Più in generale, le ragioni geostrategiche vanno però ben oltre i meri affari. Dopo il ritiro dall’Afghanistan e dal Medio Oriente (in questo le politiche di Barack Obama, Donald Trump e Joe Biden sono perfettamente allineate e in perfetta continuità) il fulcro dell’attenzione degli Usa, come nelle antiche battaglie navali, è tutto concentrato nel Mar meridionale di Cina, dove l’espansionismo di Xi Jinping è sconfinato da tempo (grazie proprio alla distrazione dell’America, occupata per lunghi venti anni a… perdere la guerra in Afghanistan!), rivendicando a tutto campo la propria pertinenza sulle acque territoriali altrui (Filippine e Vietnam, in particolare!). Queste ultime sono state letteralmente occupate, in modo subdolo ma determinatissimo, attraverso flotte di molte centinaia di finti pescherecci e cementificate dalla costruzione di isole artificiali, che servono da basi avanzate per la Marina militare del Celeste Impero sempre più numerosa e agguerrita. Per tutti, vale la posta in gioco su Taiwan, ritenuta sacro territorio della madrepatria cinese, sulla cui riconquista i nazionalcomunisti di Pechino si giocano non solo la faccia, ma lo stesso potere interno. Taipei, del resto, ha non poche colpe per avere, diciamo così, il… braccino corto (pur essendo ricchissima, grazie al suo quasi monopolio mondiale sui semiconduttori) per quanto riguarda l’ammodernamento della sua aviazione e della relativa potenza autonoma navale.

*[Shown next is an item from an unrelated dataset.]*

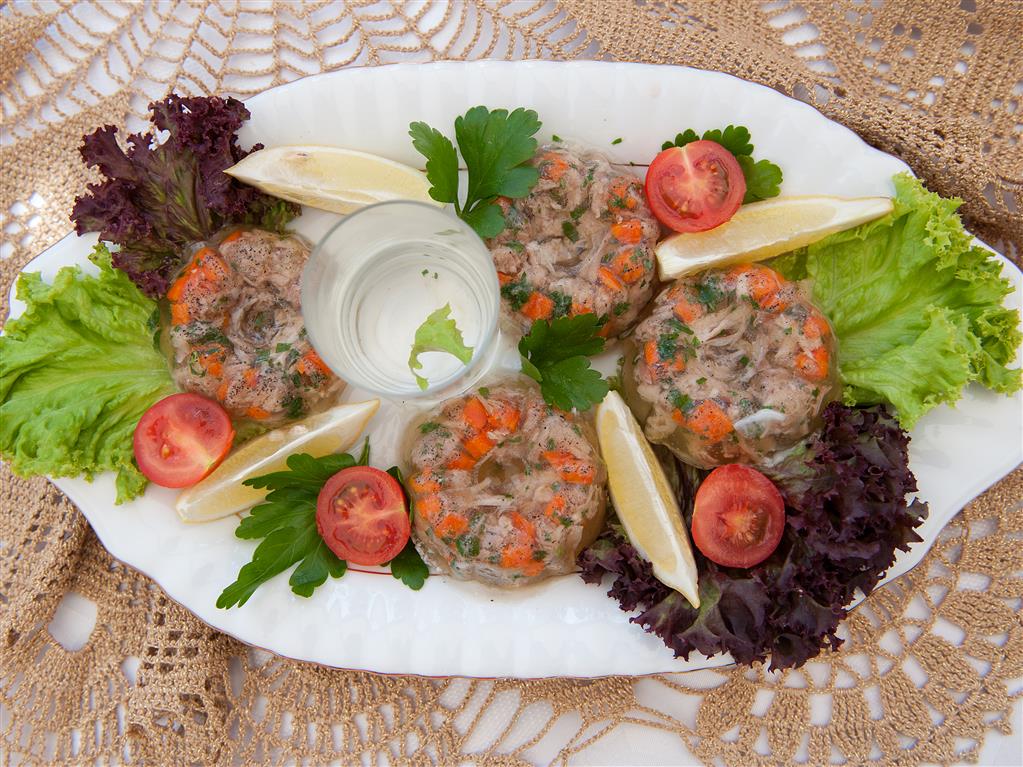 Zulc czyli galaretka z nóżek wieprzowych, podana z cebulką, octem i chlebem. Przystawka uwielbiana nie tylko na terenie Śląska Cieszyńskiego.

Poiché, a ragion veduta, americani e occidentali vorrebbero evitare un nuovo Vietnam, dato che anche una guerra convenzionale con la Cina sarebbe la fine della globalizzazione e dei processi mondiali di sviluppo economico, non resta che puntare tutto di nuovo sulla Deterrenza. E non c’è nulla di meglio di una flotta nuova di zecca di sommergibili nucleari che, oltre al larghissimo raggio di operatività e di autonomia, possono stare immersi anche per un… mese senza dover riemergere per fare rifornimento per la nave e il suo equipaggio. Nulla di nuovo, quindi, sotto il cielo molto tempestoso della Nuova Guerra Fredda.